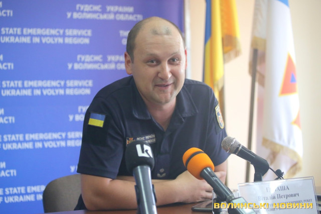 Начальник групи піротехнічних робіт ГУ ДСНС Волинської області Віталій Галаша під час брифінгу щодо роботи піротехніків на Чернігівщині розповів про специфіку розмінування, «сюрпризи» від окупантів та пса Патрона.
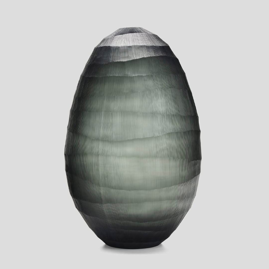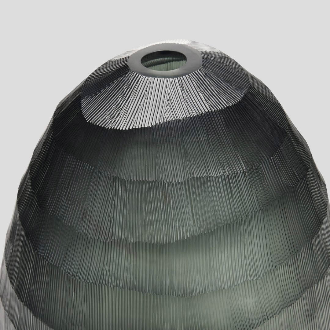 The Orena vase in Olive is defined by horizontal, hand-carved lines that flow organically around its form. Subtle etching adds texture and depth, creating a tactile surface that interacts beautifully with light. Sculptural yet approachable, Orenabrings understated elegance and artisanal detail to any setting.
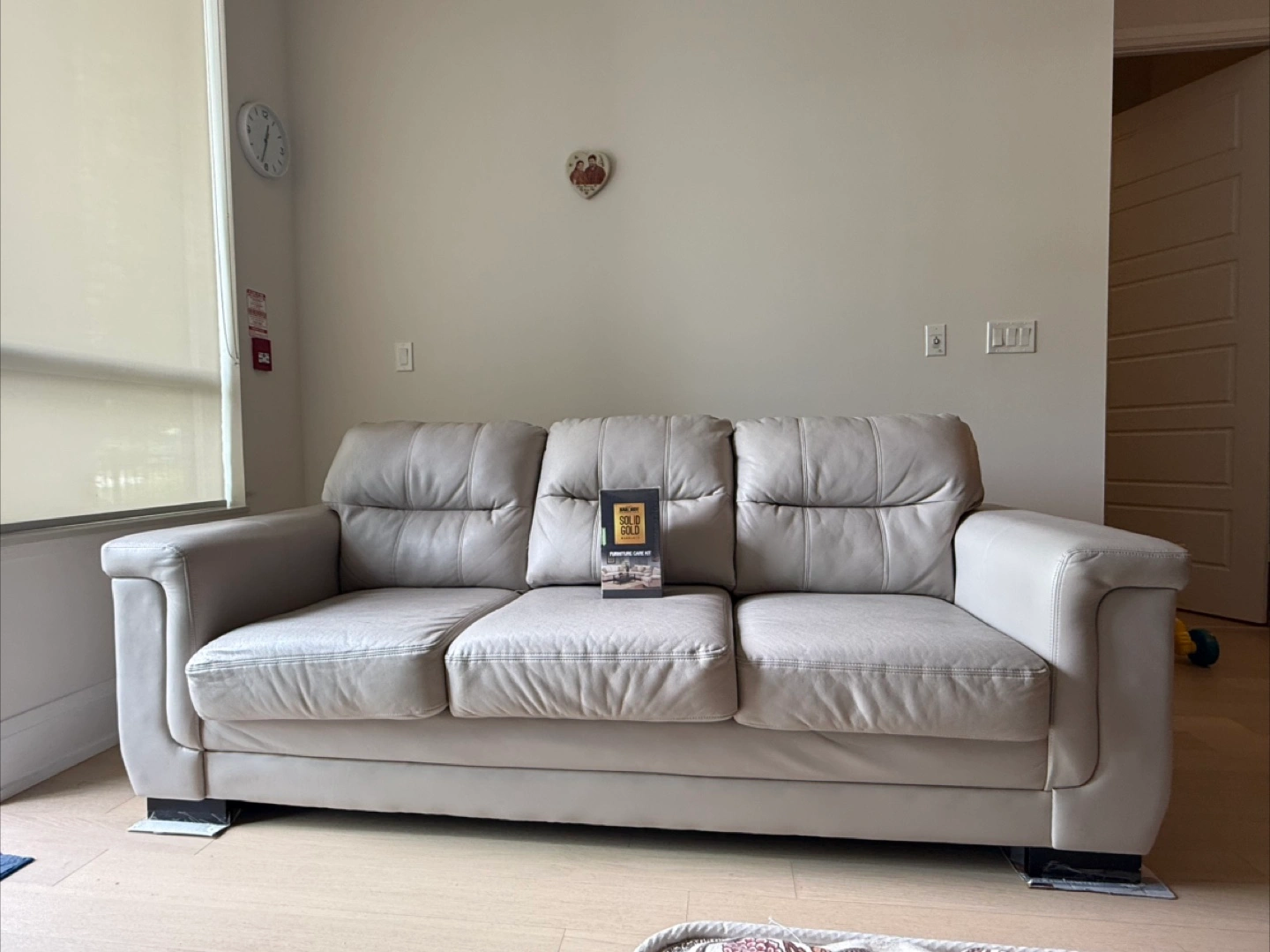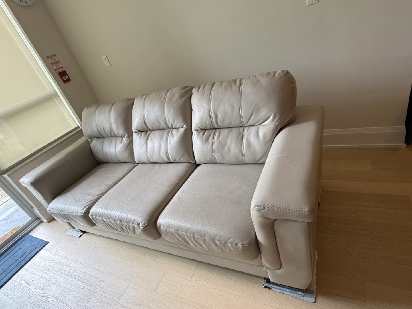 20Selling a comfortable and stylish leather sofa! It's a light beige colour and would fit nicely in any living room. It's in great condition and ready for a new home From SFPH pickup only Near warden and Highway 7
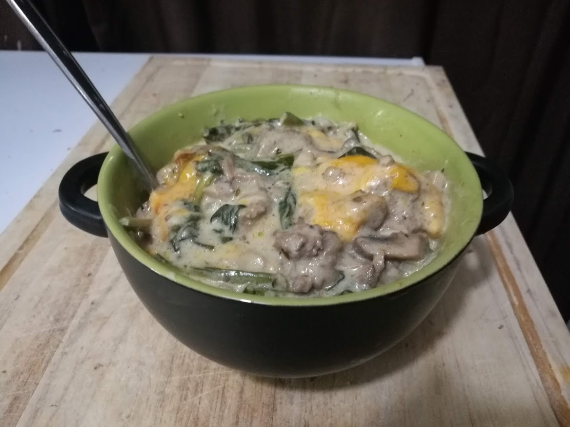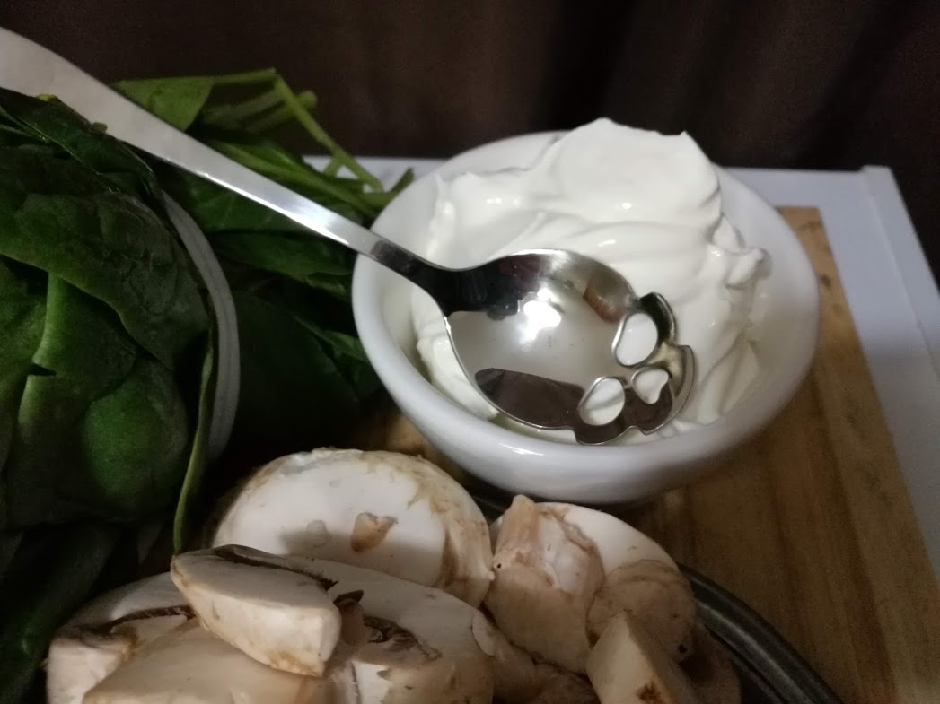 If you’re being extra, once the soup is made, add the sour cream and then the spinach. If you’re not being extra, mix the soup, sour cream and spinach. You then want to simmer it until it’s well combined and the spinach starts to wilt.
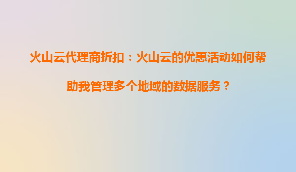 2025-08-22火山云代理商折扣:如何通过优惠活动高效管理多地域数据服务? 一、引言:企业多地域数据管理的挑战 在全球化业务布局的背景下,企业常需在不同地域部署数据服务以满足合规性、低延迟等需求。然而,跨地域...
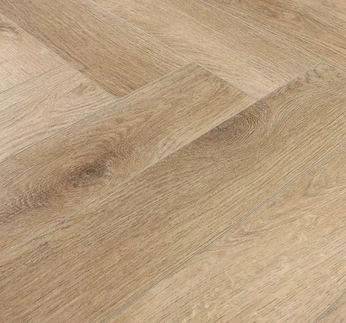 Кварц виниловый ламинат венгерская елочка Crona Floor из коллекции "Herringbone 4V" Дуб Монпелье имеет красивую поверхность цвета молочного шоколада без красных и зеленоватых оттенков, являясь по сути нейтральным, который хорошо сочетается с большинством цветовых вариаций. Основа такого влагостойкого ламината - это 65% камня и 35% поливинилхлорида (ПВХ), что обеспечивает экологичность и безопасность для окружающей среды.
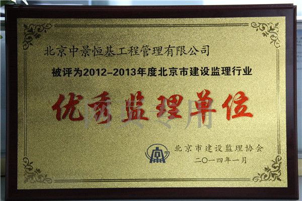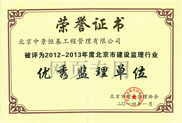 2012-2013年度優秀監理單位證書

◇ ◇ ◇ ◇ ◇ ◇ ◇

Problem description >> When you copy the records above, keep every word exact and drop the pictures.

Task output >>
 Начальник групи піротехнічних робіт ГУ ДСНС Волинської області Віталій Галаша під час брифінгу щодо роботи піротехніків на Чернігівщині розповів про специфіку розмінування, «сюрпризи» від окупантів та пса Патрона.
 The Orena vase in Olive is defined by horizontal, hand-carved lines that flow organically around its form. Subtle etching adds texture and depth, creating a tactile surface that interacts beautifully with light. Sculptural yet approachable, Orenabrings understated elegance and artisanal detail to any setting.
 20Selling a comfortable and stylish leather sofa! It's a light beige colour and would fit nicely in any living room. It's in great condition and ready for a new home From SFPH pickup only Near warden and Highway 7
 If you’re being extra, once the soup is made, add the sour cream and then the spinach. If you’re not being extra, mix the soup, sour cream and spinach. You then want to simmer it until it’s well combined and the spinach starts to wilt.
 2025-08-22火山云代理商折扣:如何通过优惠活动高效管理多地域数据服务? 一、引言:企业多地域数据管理的挑战 在全球化业务布局的背景下,企业常需在不同地域部署数据服务以满足合规性、低延迟等需求。然而,跨地域...
 Кварц виниловый ламинат венгерская елочка Crona Floor из коллекции "Herringbone 4V" Дуб Монпелье имеет красивую поверхность цвета молочного шоколада без красных и зеленоватых оттенков, являясь по сути нейтральным, который хорошо сочетается с большинством цветовых вариаций. Основа такого влагостойкого ламината - это 65% камня и 35% поливинилхлорида (ПВХ), что обеспечивает экологичность и безопасность для окружающей среды.
 2012-2013年度優秀監理單位證書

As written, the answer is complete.